Oh you have an sbt-70 aspheric? Cool. :slight_smile:
What kind of lens did you use in your one?

It’s definitely a small spot, but don’t quote me on the exact size just yet.
Don’t have the focus dialed in right for maximum throw yet, just did a quick test getting the die roughly in focus at that range.
So I suspect this isn’t ideal for longer ranges and that may have a knock on effect on the close range spot size as well.

The Courui is actually a great host for dialing in focus, since you can fine tune the distance between the die and the lens just by unscrewing the “head” a little bit to verify if you’ve got it right.

I don’t recall exactly where I got the lens from. It was the first lens I ever bought, I was using it in a different light previously. I have bought about 3-4 lens’ since then but they were all rubbish so I’ve given up looking for another lens.

After posting that last post I was laying in bed and i thought ‘why didn’t I compare the deft-x?’ Oh well, I can do that tonight maybe.

Here’s the link to the aspheric sbt-70 I did.
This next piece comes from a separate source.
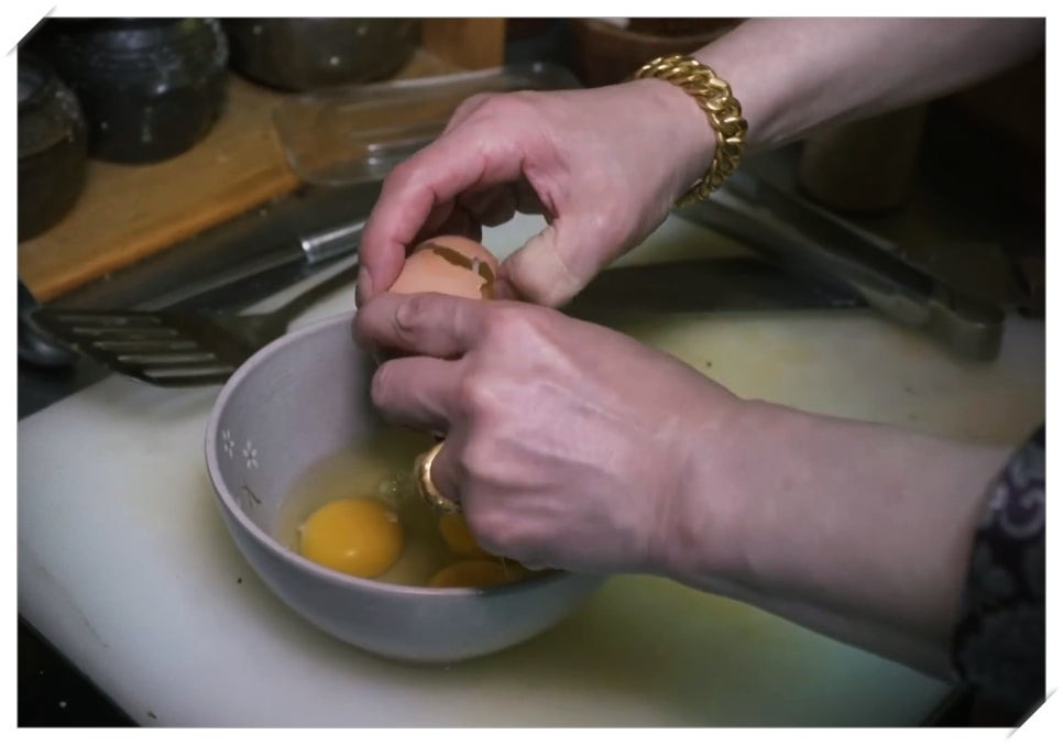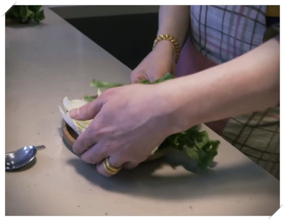 액세서리 착용: 조리 중 반지와 팔찌 등 액세서리를 착용한 모습이 포착되었습니다. 일반적으로 조리 시에는 위생을 위해 액세서리 착용을 지양하는 것이 권장됩니다.

I’d be interested in hearing a spot size description for the deft-x as well.

Good news and not so good news.

The good…

Driver is finished and working great, I dug through my parts box and switched to a different fet with a lower Rdson and added a second one in parallel to reduce that resistance even further. Should be around 2.5mOhm now. My lowest resistance fets, some vishay ones, unfortunately didn’t play nice with the op-amp output. They were the first that didn’t work and produced some nasty oscillations that totally killed the mode range.
Annoying, but I’m not doing anything to clamp down on oscillations on the opamp feedback circuit so it’s bound to happen with some components.

Every other fet I’ve tested on this driver has worked great and with the currently installed units it’s even compatible with 17khz fast PWM while maintaining a full mode range. No flicker or audible whine, so it’s just like a 7135 driver but without the headache of stacking 35 chips! Sweet :slight_smile:

Current sense resistors are 2x 0.01Ohm and 2x 0.05Ohm all in parallel which gives me a regulated 13Amps to the led.
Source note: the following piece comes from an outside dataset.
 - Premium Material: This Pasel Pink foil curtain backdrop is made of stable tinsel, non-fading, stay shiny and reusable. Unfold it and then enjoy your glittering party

I was too caught up wrangling all those wires into place to take more pictures. But you can make out the two fets soldered to the copper heatsink piece and the black tape wrapped driver. Yellow wire is gate signal and the driver is powered through a reverse clicky.
The ground connection is through a brass bolt and copper tab screwed into the body of the light. I didn’t trust the contact board to make good ground contact, it’s a poor design aspect of the Courui that the driver board relies on an bad interference fit and pressure from the batteries to make ground contact.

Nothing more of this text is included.